## Task item
Quote from the first line below through the line that contains "Плюшевая игрушка Вывернушка", both included, and leave the pictures out.

## Data
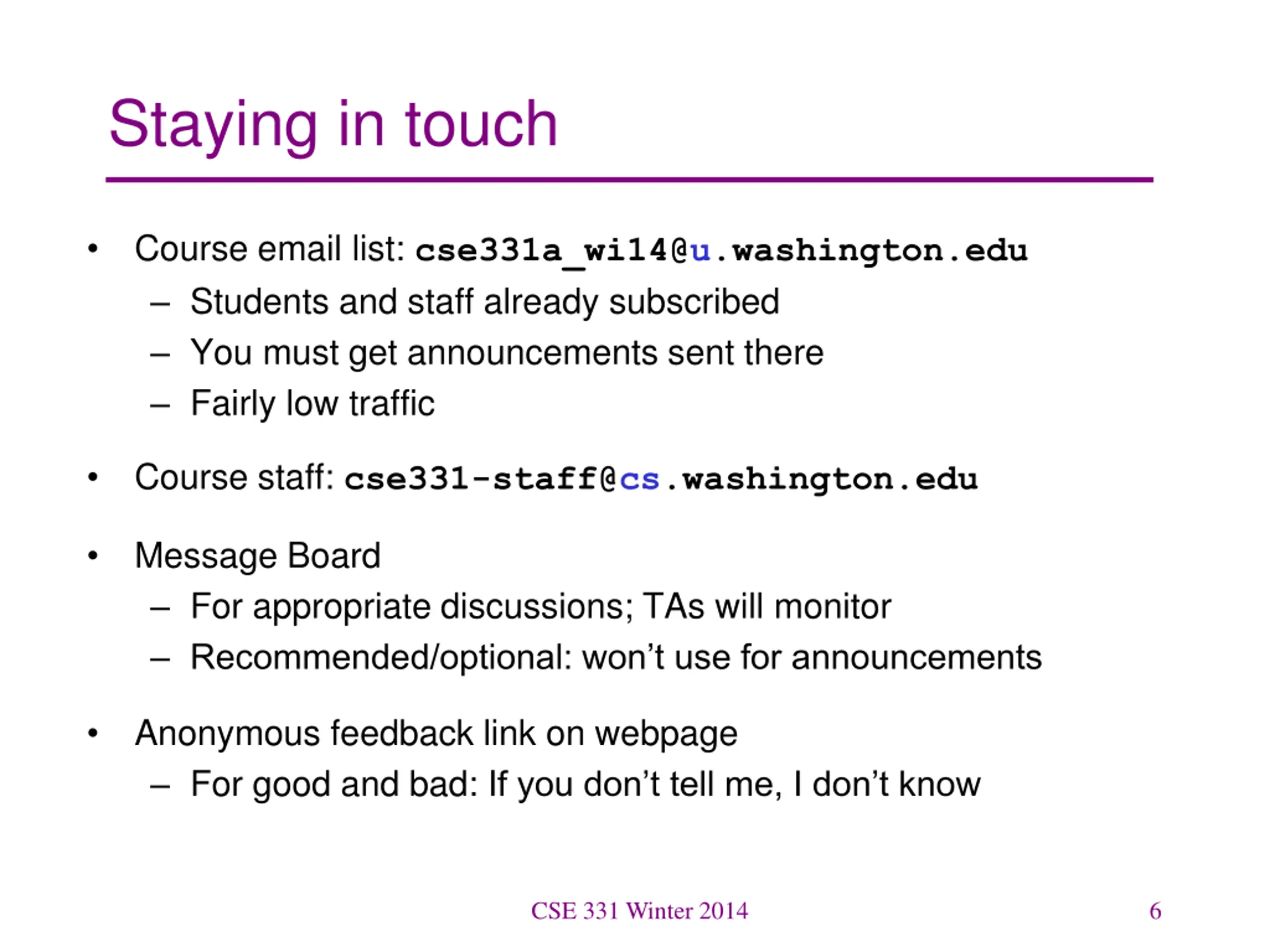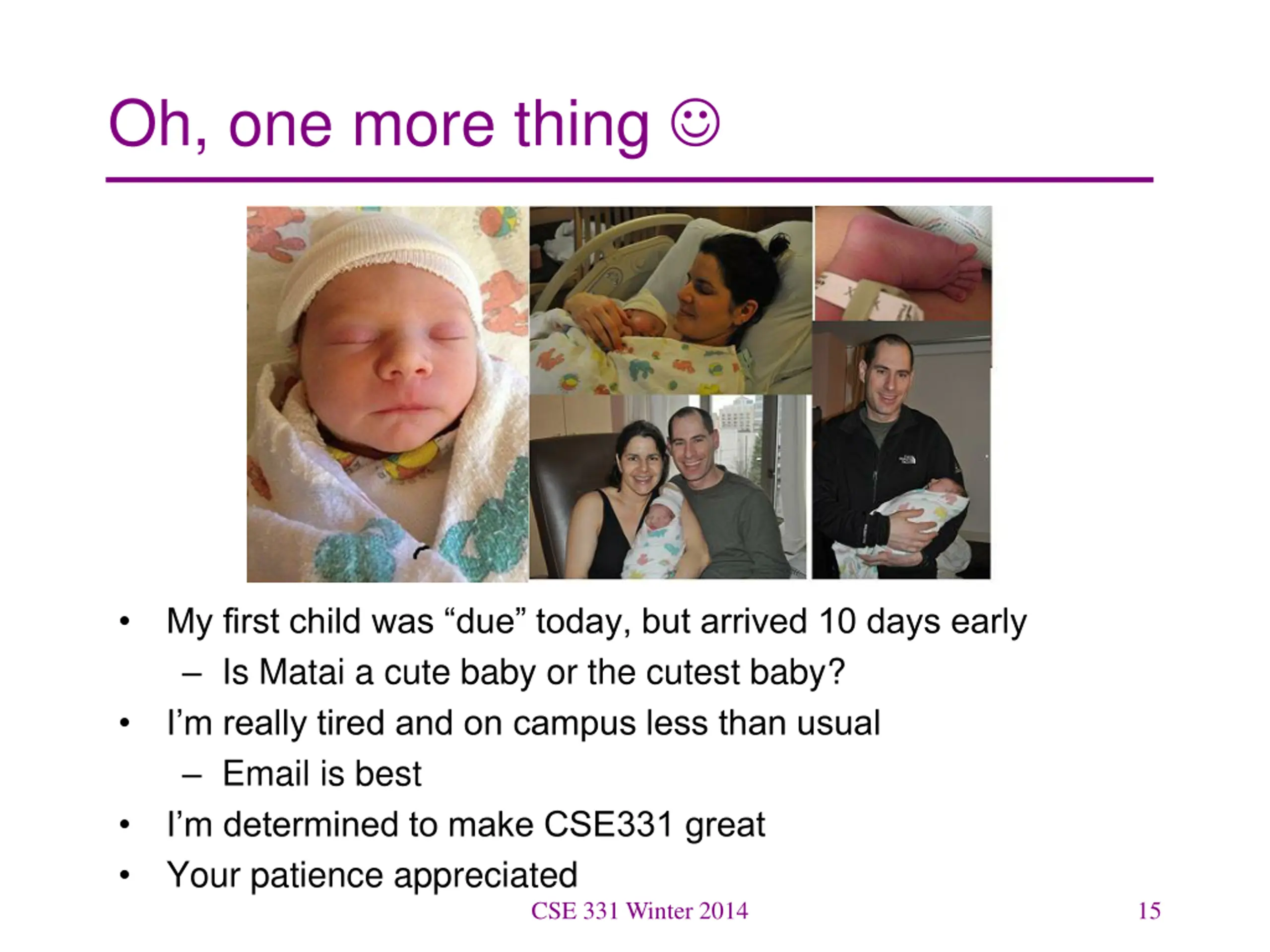 Oh, one more thing My first child was due today, but arrived 10 days early Is Matai a cute baby or the cutest baby? I m really tired and on campus less than usual Email is best I m determined to make CSE331 great Your patience appreciated CSE 331 Winter 2014 15
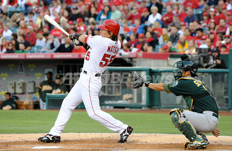 【4月11日 AFP】(12日写真追加)米大リーグ(MLB)のロサンゼルス・エンゼルス・オブ・アナハイム(Los Angeles Angels of Anaheim)の松井秀喜(Hideki Matsui)は10日、本拠地エンゼル・スタジアム・オブ・アナハイム(Angel Stadium of Anaheim)で行われたオークランド・アスレチックス(Oakland Athletics)戦で9回、移籍後初となるサヨナラ安打を放った。
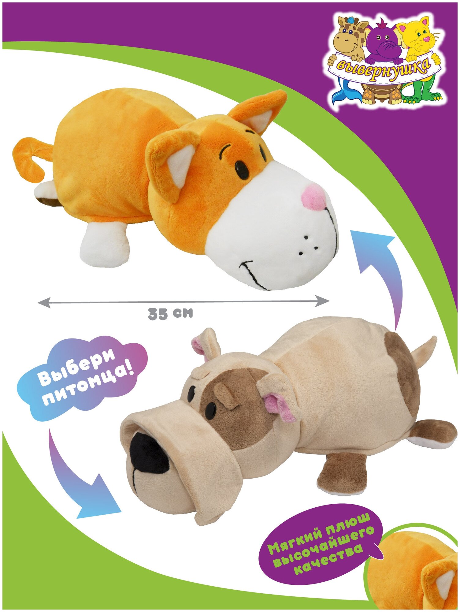 Плюшевая игрушка Вывернушка очень необычная. С одной стороны это Кот, а с другой - Бульдог. Эти два милых животных спокойно уживаются друг с другом благодаря тому, что пока Вы играете в одну игрушку, другая спокойненько ждёт своей очереди, спрятавшись внутри первого животного.
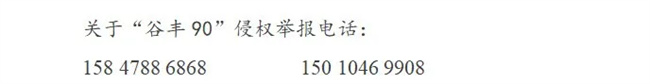 自2025年3月17日起,任何單位或個(gè)人在未獲得谷豐公司重新書面形式授權(quán)的情況下,擅自開展“谷豐90”生產(chǎn)、經(jīng)營活動(dòng)的,均構(gòu)成惡意侵權(quán)。谷豐公司將依法追究其法律責(zé)任,并要求其承擔(dān)相應(yīng)的懲罰性賠償責(zé)任。谷豐公司保留采取一切法律手段維護(hù)自身合法權(quán)益的權(quán)利,追究侵權(quán)者的一切法律責(zé)任,包括但不限于刑事責(zé)任。
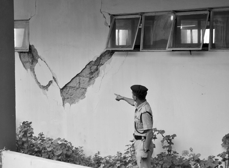 9月19日,在印度锡金邦首府甘托克,一名警察向记者展示警察局总部墙上的裂缝。据印度当地媒体报道,18日发生在印度锡金邦的强烈地震造成的死亡人数已升至35人。 (新华社发)
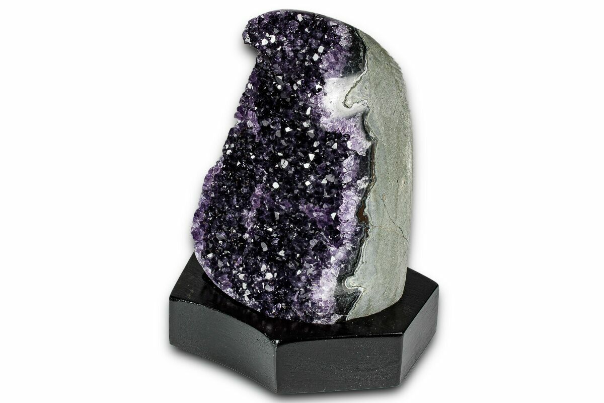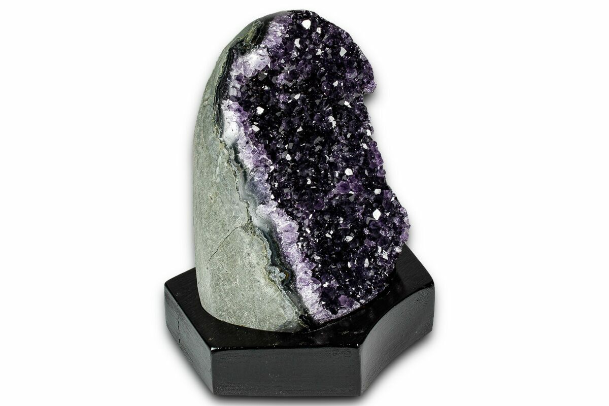5.2" Deep Purple Amethyst Geode With Wood Base - Uruguay
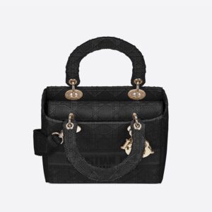 Embrace your individuality with the Medium Lady D-lite Bag in a stunning black color. This exceptional piece, crafted from durable canvas, showcases the iconic Cannage motif, symbolizing elegance and sophistication. Imagine this chic bag in the hands of your favorite celebrity, effortlessly accentuating their style.
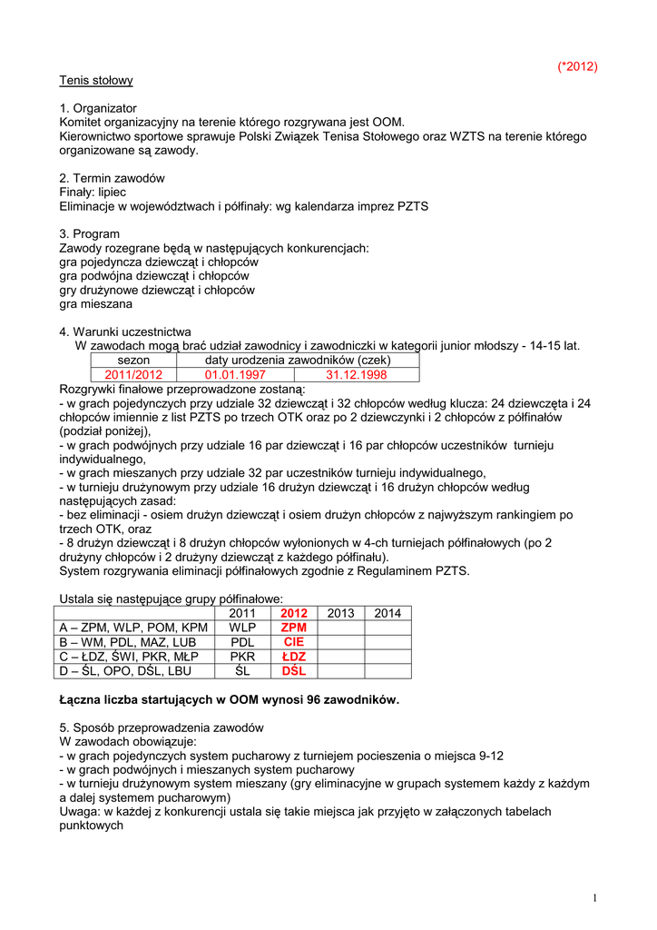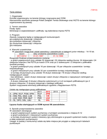 (*2012) Tenis stołowy 1. Organizator Komitet organizacyjny na terenie którego rozgrywana jest OOM. Kierownictwo sportowe sprawuje Polski Związek Tenisa Stołowego oraz WZTS na terenie którego organizowane są zawody. 2. Termin zawodów Finały: lipiec Eliminacje w województwach i półfinały: wg kalendarza imprez PZTS 3. Program Zawody rozegrane będą w następujących konkurencjach: gra pojedyncza dziewcząt i chłopców gra podwójna dziewcząt i chłopców gry drużynowe dziewcząt i chłopców gra mieszana 4. Warunki uczestnictwa W zawodach mogą brać udział zawodnicy i zawodniczki w kategorii junior młodszy - 14-15 lat. sezon daty urodzenia zawodników (czek) 2011/2012 01.01.1997 31.12.1998 Rozgrywki finałowe przeprowadzone zostaną: - w grach pojedynczych przy udziale 32 dziewcząt i 32 chłopców według klucza: 24 dziewczęta i 24 chłopców imiennie z list PZTS po trzech OTK oraz po 2 dziewczynki i 2 chłopców z półfinałów (podział poniżej), - w grach podwójnych przy udziale 16 par dziewcząt i 16 par chłopców uczestników turnieju indywidualnego, - w grach mieszanych przy udziale 32 par uczestników turnieju indywidualnego, - w turnieju drużynowym przy udziale 16 drużyn dziewcząt i 16 drużyn chłopców według następujących zasad: - bez eliminacji - osiem drużyn dziewcząt i osiem drużyn chłopców z najwyższym rankingiem po trzech OTK, oraz - 8 drużyn dziewcząt i 8 drużyn chłopców wyłonionych w 4-ch turniejach półfinałowych (po 2 drużyny chłopców i 2 drużyny dziewcząt z każdego półfinału). System rozgrywania eliminacji półfinałowych zgodnie z Regulaminem PZTS. Ustala się następujące grupy półfinałowe: 2012 2011 ZPM A – ZPM, WLP, POM, KPM WLP CIE B – WM, PDL, MAZ, LUB PDL ŁDZ C – ŁDZ, ŚWI, PKR, MŁP PKR DŚL D – ŚL, OPO, DŚL, LBU ŚL 2013 2014 Łączna liczba startujących w OOM wynosi 96 zawodników. 5. Sposób przeprowadzenia zawodów W zawodach obowiązuje: - w grach pojedynczych system pucharowy z turniejem pocieszenia o miejsca 9-12 - w grach podwójnych i mieszanych system pucharowy - w turnieju drużynowym system mieszany (gry eliminacyjne w grupach systemem każdy z każdym a dalej systemem pucharowym) Uwaga: w każdej z konkurencji ustala się takie miejsca jak przyjęto w załączonych tabelach punktowych 1 Program (minimum 8 stołów + 2 rozgrzewkowe) przyjazd do kolacji, trening, weryfikacja, konferencja techniczna, losowanie turniejów drużynowych I dzień - I, II i III runda turnieju drużynowego K i M, półfinały turnieju drużynowego K i M II dzień - finały turnieju drużynowego, losowanie turniejów indywidualnych I i II runda turnieju indywidualnego K i M, I i II runda turnieju pocieszenia K i M losowanie gier mieszanych i podwójnych III dzień - I i II runda gier podwójnych K i M, I, II i III runda gier mieszanych III runda turnieju indywidualnego, III runda turnieju pocieszenia turniej indywidualny K i M - o miejsca 9-12, gra podwójna K i M - półfinały gra mieszana - półfinały IV dzień - gra pojedyncza K i M - półfinały, gra mieszana - finał gra podwójna K i M - finały, gra pojedyncza K i M. - finały wręczenie medali - zakończenie OOM, wyjazd po obiedzie liczba uczestników: zawodników - 96, trenerów - 45, sędziów - 20, pzs - 2 6. Zgłoszenia Zgłoszenie do zawodów należy nadsyłać w terminie określonym w komunikacie organizacyjnym Nr 1 dla danej imprezy. 7. Punktacja Zawodnik może zdobywać punkty najwyżej w 2 konkurencjach. gry pojedyncze Lok. 1 2 3-4 5-8 9-12 13-16 17-24 25-32 PKT 9 7 6 5 4 3 2 1 100 półfinały gra pojedyncza Lok. 3-8 PKT 1 4x6 gry podwójne i miksty Lok. 1 2 3-4 5-8 9-16 PKT 9 7 5 4 3 66 gry drużynowe Lok. 1 2 3 4 5-8 9-12 13-16 PKT 9 7 6 5 4 3 2 63 półfinały gry drużynowe Lok. 3-8 PKT 1 6x4 2 D. System ocen Tenis stołowy I. Młodzieżowe Mistrzostwa Polski K/M-19-21 lat 1. Program K/M - gra pojedyncza, gra podwójna, mikst 2. Punktacja gry pojedyncze Lok. 1 2 3-4 5-8 9-12 13-16 17-24 25-32 PKT 25 21 18 15 12 8 4 2 270 gry podwójne, mikst Lok. 1 2 3-4 5-8 9-16 PKT 25 21 17 10 6 168 II. Mistrzostwa Polski Juniorów K/M-16-18 lat 1. Program K/M - gra pojedyncza, gra podwójna, gra drużynowa, mikst 2. Punktacja gry pojedyncze Lok. 1 2 3-4 5-8 9-12 13-16 17-24 25-32 PKT 15 12 10 8 6 4 2 1 143 półfinały gra pojedyncza Lok. 3-8 PKT 1 4x6 gry podwójne Lok. 1 2 3-4 5-8 9-16 PKT 15 12 10 6 3 95 gry drużynowe Lok. 1 2 3 4 5-8 9-12 13-16 PKT 15 12 10 8 5 3 2 85 półfinały gry drużynowe Lok. 3-8 PKT 1 6x4 III. Olimpiada Młodzieży-Mistrzostwa Polski Juniorów młodszych K/M-14-15 lat 1. Program K/M - gra pojedyncza, gra podwójna, gra drużynowa, mikst 2. Punktacja gry pojedyncze Lok. 1 2 3-4 5-8 9-12 13-16 17-24 25-32 PKT 9 7 6 5 4 3 2 1 100 półfinały gra pojedyncza Lok. 3-8 PKT 1 4x6 gry podwójne i miksty Lok. 1 2 3-4 5-8 9-16 PKT 9 7 5 4 3 66 gry drużynowe Lok. 1 2 3 4 5-8 9-12 13-16 PKT 9 7 6 5 4 3 2 63 półfinały gry drużynowe Lok. 3-8 PKT 1 6x4 3 Eliminacje do OOM – ranking PZTS oraz półfinały 2012 2011 2013 ZPM A – ZPM, WLP, POM, KPM WLP CIE B – WM, PDL, MAZ, LUB PDL ŁDZ C – ŁDZ, ŚWI, PKR, MŁP PKR DŚL D – ŚL, OPO, DŚL, LBU ŚL IV. Międzywojewódzkie Mistrzostwa Młodzików 1. Program K/M - gra pojedyncza, gra podwójna 2. Punktacja Lok. 1 2-3 4-8 PKT 3 2 1 12 2014 K/M – do 13 lat Strefy A – WLP-ZPM B – POM-KPM C – MAZ-WM D – DŚL-LBU E – ŁDZ-ŚWI F – LUB-PDL G – ŚL-OPO H – MŁP-PKR E. Roczniki młodzieżowcy juniorzy juniorzy młodsi młodzicy 2011 ZPM KPM WM DŚL ŚWI LUB ŚL MŁP 2012 WLP POM MAZ LBU ŁDZ PDL ŚL PKR 2013 2014 19-21 lata (w 2012 roku urodzeni 01.01.1991 – 31.12.1993) 16-18 lat (w 2012 roku urodzeni 01.01.1994 – 31.12.1996) 14-15 lat (w 2012 roku urodzeni 01.01.1997 – 31.12.1998) do 13 lat (w 2012 roku urodzeni 01.01.1999 i młodsi) Przypominamy: - w zawodach uczestniczą kluby posiadające licencję wydaną przez właściwy polski związek, - zawodn
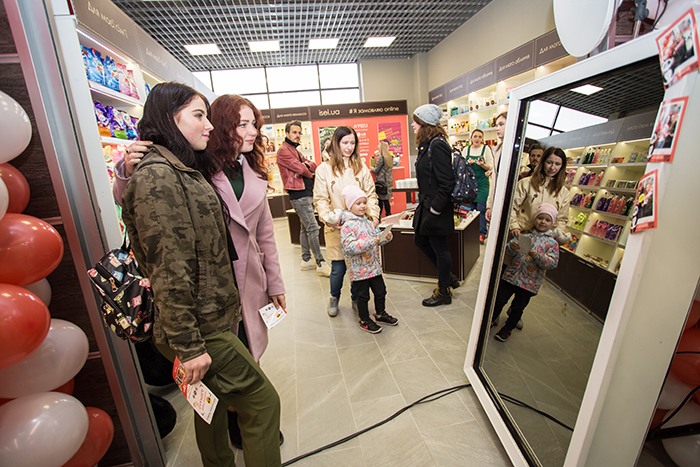 Но главным сюрпризом открытия стало интерактивное зеркало! Умное зеркало делало гостям фото и мгновенно загружало их в сеть Facebook, а для желающих – распечатывало снимки на память!

## Worked solution
 Oh, one more thing My first child was due today, but arrived 10 days early Is Matai a cute baby or the cutest baby? I m really tired and on campus less than usual Email is best I m determined to make CSE331 great Your patience appreciated CSE 331 Winter 2014 15
 【4月11日 AFP】(12日写真追加)米大リーグ(MLB)のロサンゼルス・エンゼルス・オブ・アナハイム(Los Angeles Angels of Anaheim)の松井秀喜(Hideki Matsui)は10日、本拠地エンゼル・スタジアム・オブ・アナハイム(Angel Stadium of Anaheim)で行われたオークランド・アスレチックス(Oakland Athletics)戦で9回、移籍後初となるサヨナラ安打を放った。
 Плюшевая игрушка Вывернушка очень необычная. С одной стороны это Кот, а с другой - Бульдог. Эти два милых животных спокойно уживаются друг с другом благодаря тому, что пока Вы играете в одну игрушку, другая спокойненько ждёт своей очереди, спрятавшись внутри первого животного.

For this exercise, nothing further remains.